# Does prayer include praise? -- WLC 178. What is prayer?



## MrTim (May 8, 2010)

I'm teaching a Sunday School class at my church on prayer. I've been spending a lot of time looking at the Westmisster Larger Catechism's teaching on prayer. One thing that has bothered me is that the question "What is prayer?" seem to ignore the praise of God as a part of prayer.


> Prayer is an offering up of our desires unto God, in the name of Christ, by the help of his Spirit; with confession of our sins, and thankful acknowledgment of his mercies.



A few possibly solutions I've considered is that the WLC regards praise as a part of "thankful acknowledgment of his mercies." Alternatively, if you look at question 190 on the first petition of the Lord's prayer, it seems to regard praise as an aspect of offering our desires to God.


> ...we pray, that God would by his grace enable and incline us and others to know, to acknowledge, and highly to esteem him....

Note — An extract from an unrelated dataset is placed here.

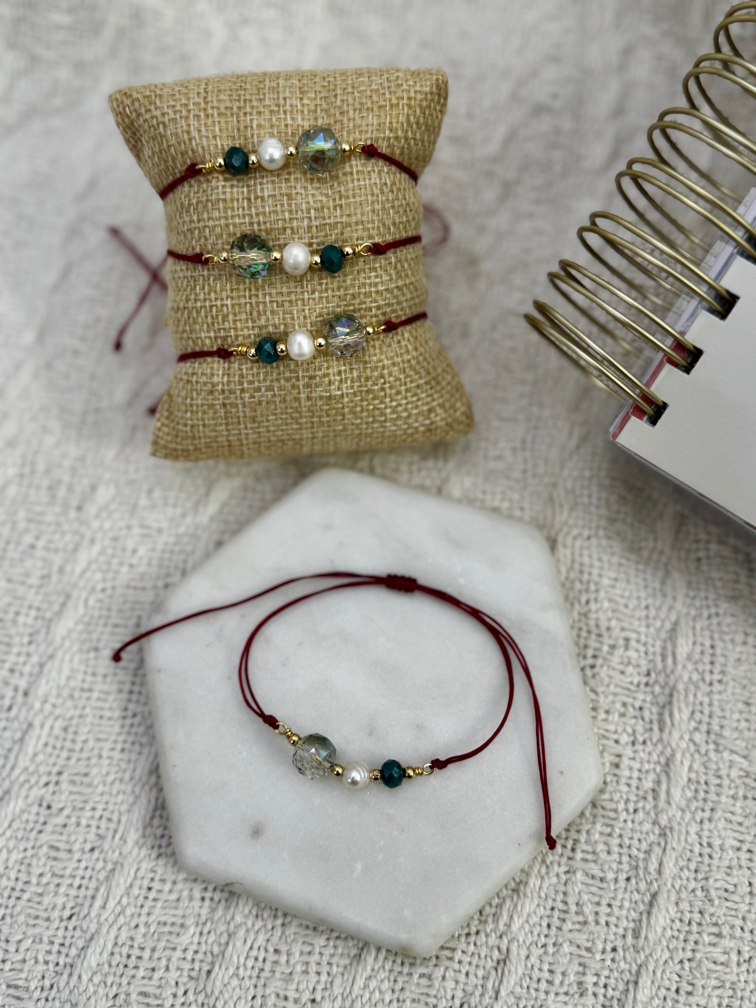 Saam es una pulsera en hilo ajustable nylon, que combina cristales en tonos tornasoles y perlas naturales, el color del hilo es Burgundy un color que esta super trendy desde hace algunos meses. Perfecta para tu diario y realzar tus outfits.

Anyone have any thoughts on this?


----------



## Scott1 (May 8, 2010)

Prayer is of several kinds- adoration, confession, thanksgiving and supplication. It is also related to meditation.

I think praise is really a subset of thanksgiving, rather than the reverse- and understood in that way, it is clearly biblical, and comports with the Standards' summary of it.


----------



## Contra_Mundum (May 8, 2010)

It seems to me that the notion "prayer" is being considered under its proper sense, unelaborated, which is a formal or informal *petitioning*.

Our modern conceptions of prayer have redefined it as "any kind of talking to God," but an original approach to the terminology would differentiate (in some sense) between "prayer" and "praise."

We extol God, to the extent we are able, and yet are not adding anything to the glory of God. We benefit more from the exercise than God does. Others benefit also, as we praise God to them and before them. Praise is what we owe to God, as well as that which comes spontaneously from the heart and mouth of one enraptured by God.

Are we really in need of being "taught" to praise? I think so (and the examples in Psalms serve, for instance), but not in the same way as the disciples were asking Jesus to teach them to pray. They wanted to know how to come to God (the august, the ineffable, but the one Jesus approached as "Father"). Could they come to him as "Father" also?

I think you have detected in 190 the _need_ we have of God to help us to have an improved attitude of esteem when we come. We should come in a praising, reverential, adoring manner. But I do not think that we are failures in prayer if in each time we come, we have not devoted sufficient "time" to the business of "praising" God. We more often come broken, sad, needy, like the little children we are. What if we simply do not "feel" like a song? Will God not hear us?

The Prayer opens with an understanding of Who God Is--Holy Father (see 189). To know him rightly is praise indeed.


----------